Exercise data below:
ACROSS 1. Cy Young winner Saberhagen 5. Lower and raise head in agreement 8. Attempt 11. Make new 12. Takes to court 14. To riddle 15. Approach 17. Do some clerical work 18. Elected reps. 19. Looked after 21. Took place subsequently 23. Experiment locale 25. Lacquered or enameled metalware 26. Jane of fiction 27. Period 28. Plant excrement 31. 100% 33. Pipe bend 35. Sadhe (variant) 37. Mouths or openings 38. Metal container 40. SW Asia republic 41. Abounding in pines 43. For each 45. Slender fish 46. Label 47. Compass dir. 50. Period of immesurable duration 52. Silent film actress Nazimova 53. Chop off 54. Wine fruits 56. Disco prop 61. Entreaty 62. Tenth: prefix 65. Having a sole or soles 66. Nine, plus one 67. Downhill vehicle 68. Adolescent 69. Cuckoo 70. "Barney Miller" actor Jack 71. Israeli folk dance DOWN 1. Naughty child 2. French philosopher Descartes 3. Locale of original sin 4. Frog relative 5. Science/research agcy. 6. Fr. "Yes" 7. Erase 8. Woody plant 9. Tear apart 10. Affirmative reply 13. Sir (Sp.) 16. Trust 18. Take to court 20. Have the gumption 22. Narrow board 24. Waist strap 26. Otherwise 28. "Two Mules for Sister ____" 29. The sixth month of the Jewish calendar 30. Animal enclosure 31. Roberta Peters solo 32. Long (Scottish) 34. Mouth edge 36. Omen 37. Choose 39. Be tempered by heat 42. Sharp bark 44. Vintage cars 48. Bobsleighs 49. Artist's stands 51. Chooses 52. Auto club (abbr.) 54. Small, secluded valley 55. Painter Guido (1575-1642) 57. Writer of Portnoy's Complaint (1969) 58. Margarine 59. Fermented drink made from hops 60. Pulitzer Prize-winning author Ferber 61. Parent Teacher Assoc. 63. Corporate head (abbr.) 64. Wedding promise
End of Exercise data.
Exercise data below:
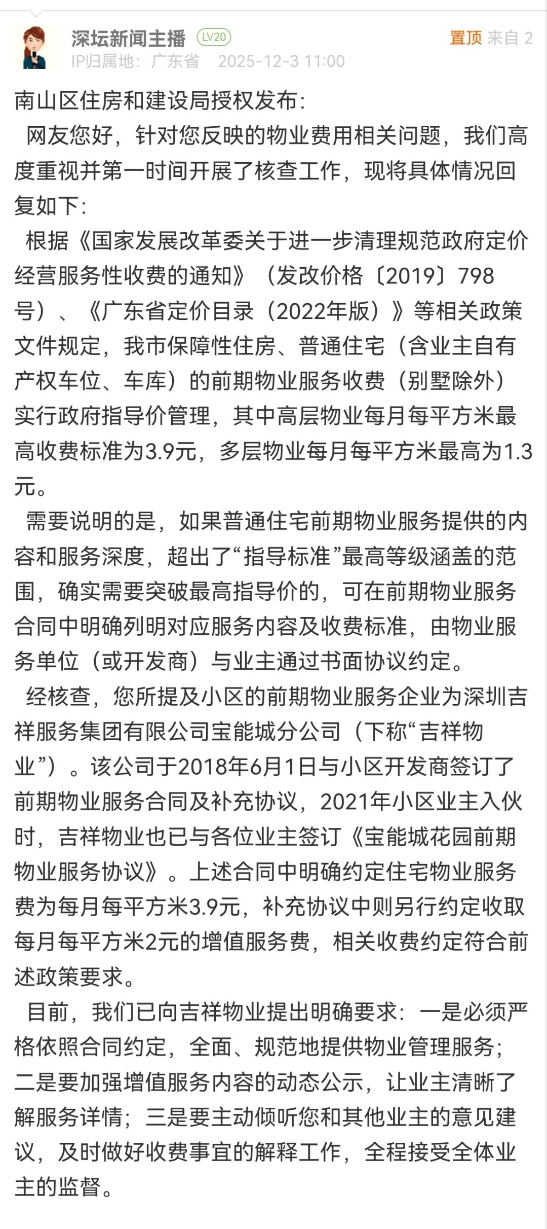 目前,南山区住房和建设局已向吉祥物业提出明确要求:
End of Exercise data.
Exercise data below:
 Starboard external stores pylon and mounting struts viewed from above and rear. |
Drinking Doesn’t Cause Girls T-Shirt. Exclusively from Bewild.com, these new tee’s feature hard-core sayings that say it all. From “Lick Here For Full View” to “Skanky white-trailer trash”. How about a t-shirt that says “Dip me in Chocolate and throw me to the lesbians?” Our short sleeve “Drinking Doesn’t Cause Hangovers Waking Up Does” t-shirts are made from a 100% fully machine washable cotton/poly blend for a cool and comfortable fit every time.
End of Exercise data.
:: Problem ::
After locating the line with "Starboard external stores" above, return that line and every later line through the one with "Drinking Doesn’t Cause Girls", word for word and with nothing else.

:: Response area ::
 Starboard external stores pylon and mounting struts viewed from above and rear. |
Drinking Doesn’t Cause Girls T-Shirt. Exclusively from Bewild.com, these new tee’s feature hard-core sayings that say it all. From “Lick Here For Full View” to “Skanky white-trailer trash”. How about a t-shirt that says “Dip me in Chocolate and throw me to the lesbians?” Our short sleeve “Drinking Doesn’t Cause Hangovers Waking Up Does” t-shirts are made from a 100% fully machine washable cotton/poly blend for a cool and comfortable fit every time.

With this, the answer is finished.